Моранж не переставал улыбаться.

— Мой милый друг, оставим этот вопрос. Соблаговолите вспомнить, что вы совершаете свое путешествие по поручению военного министерства, а я послан министерством народного просвещения. Различное происхождение наших миссий лишь подтверждает расхождение наших целей. Во всяком случае, оно ясно говорит о том (и я вполне с вами согласен), что моя экспедиция лишена всякого практического характера.

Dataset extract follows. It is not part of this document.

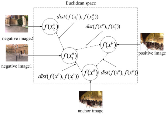 Consider a tuple denoted as , where xa and xp belong to the same category while xn and xa come from the different categories. The purpose of the triplet loss function is to optimize the CNNs to learn the representation f(x) of image x. The ideal image representation of a tuple input should meet the following distance relationship: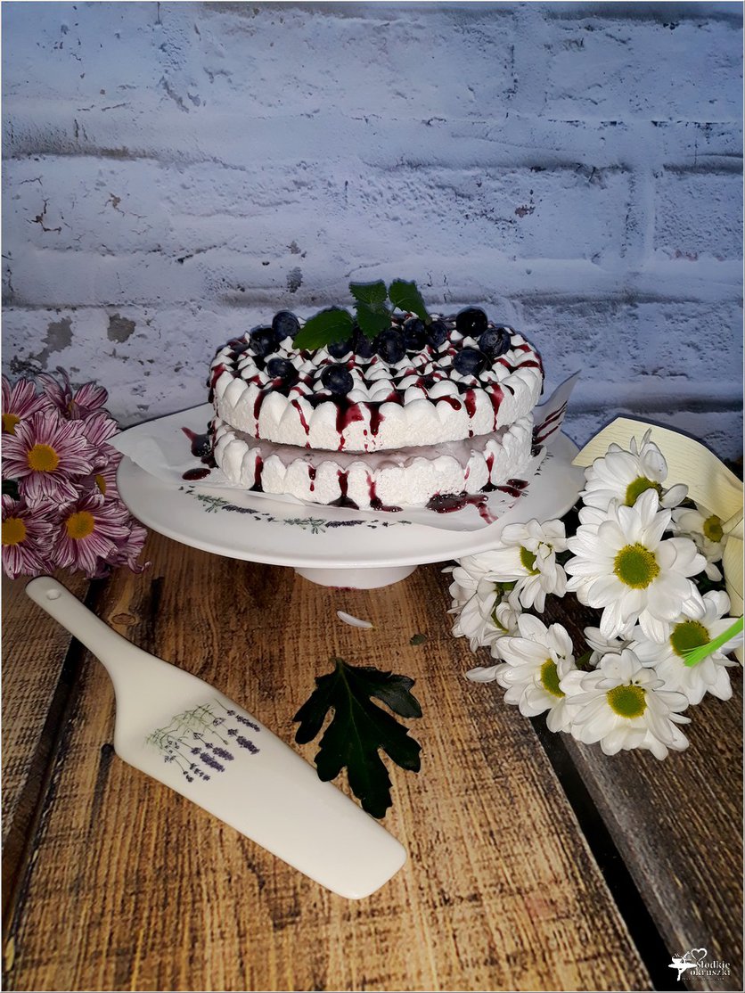 Szybki torcik bezowy z kremem borówkowo-jagodowym

— Но вы уполномочены также и министерством торговли, — возразил я, задетый за живое. — Следовательно, вам вменяется в обязанность выяснить, возможно ли восстановление старого торгового пути, существовавшего в девятом столетии. И тут вы меня уже не разубедите: с вашим знанием истории и географии Сахары, вы, уезжая из Парижа, составили себе на этот счет определенный план. Дорога из Джерида до Нигера — мертва, и навеки… Вы знали, что значительные торговые сношения по этому пути немыслимы, и все же вы согласились заняться вопросом о возможности его восстановления.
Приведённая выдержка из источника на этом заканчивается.